Why it’s wrong: Organizations need to know as much as possible about a detected infection as it has a big impact on the incidence response plan. The more info you have upfront requires less time determining the cause of the attack; time which is much better spent alerting affected customers and addressing the method of the breach. The availability and open nature of today’s communications plus the exploitation by the big Internet players has meant everyone’s life can be pried into. If those who manipulate get smart, we need to get smarter.
- Argument: Threat intelligence vendors guard their research to the detriment of the wider community
Why it’s wrong: Collective threat intelligence disseminates threat data across millions of users and devices so that when any device encounters a threat, the information is shared with other users and devices through a common cloud-based detection network. While there isn’t open sharing of threat intelligence across the industry, classifying and sharing cybersecurity intelligence from millions of devices enables organizations to detect cyber threats before it reaches the network.
- Argument: Prices ensure that only those companies able to pay the hefty subscriptions get access, leaving many SMBs and critical parts of the supply chain in the dark.
Why it’s wrong: Threat Intelligence can take two general forms -- strategic threat intelligence (e.g. consulting/advisory) and operational threat intelligence (e.g. data that can be consumed by security solutions). While SMB customers could use both, operational threat intelligence is probably more relevant, as strategic threat intelligence is usually catered towards the larger enterprises or states who are targets of sophisticated and organized attacks. MSP’s are also a viable solution to the cost imposed by security.
- Argument: Networks, the solutions and resources defending them, and the data that resides on them vary greatly, and so do attacks.
Why it’s wrong: Devices that encounter new or unknown file types and processes merely need to ask a cloud threat intelligence platform if it’s been seen before and if it’s a threat. If it’s benign, let it operate. If malicious, quarantine it. If it’s brand new and determined malicious, share the information via the cloud so that other users/devices that encounter the threat can block it on sight. This is at the heart of collective threat intelligence. By leveraging everyone’s encounters with threats, you improve the overall security of the collective.
- Argument: At its best, threat intelligence might provide occasional protection from attacks. At its worst it’s an expensive source of information that bears no relevance to securing a network and could mislead decision-makers. Knowing the threat actors who are seeking to attack can be useful and so can identifying business critical data. But knowledge of other attacks is not required for that.

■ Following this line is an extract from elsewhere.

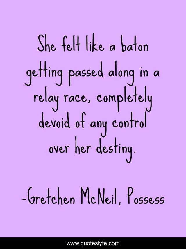 This page presents the quote "She felt like a baton getting passed along in a relay race, completely devoid of any control over her destiny.". Author of this quote is Gretchen McNeil, Possess. This quote is about control, life, destiny,.

Why it’s wrong: The issue at hand is that we cannot let our technology get stagnant. Organizations need a layered protection approach, as well as cloud-based security technology that is designed to grow, learn and continue to evolve to combat the tactics of today’s cybercriminals. After all, the malware writers never rest. Neither should we.
All companies, whether enterprise or SMBs -- especially those dealing with proprietary information or customer data -- must balance their security resources against their risk tolerance. And ultimately look at threat intelligence solutions that provide them with the greatest scope of protection.
The only way for companies to defend themselves is by adopting a more pragmatic and intelligent threat response: stopping a compromise at the host, proactively segmenting networks, and spending the time to develop in-depth situational awareness. Otherwise, the next decade will end up much like the current.
It’s about working together to make endpoints, servers, networks and the Internet safer for all. At the end of the day, it’s not about choosing minor battles but winning major wars.
Grayson Milbourne is the security intelligence director at Webroot.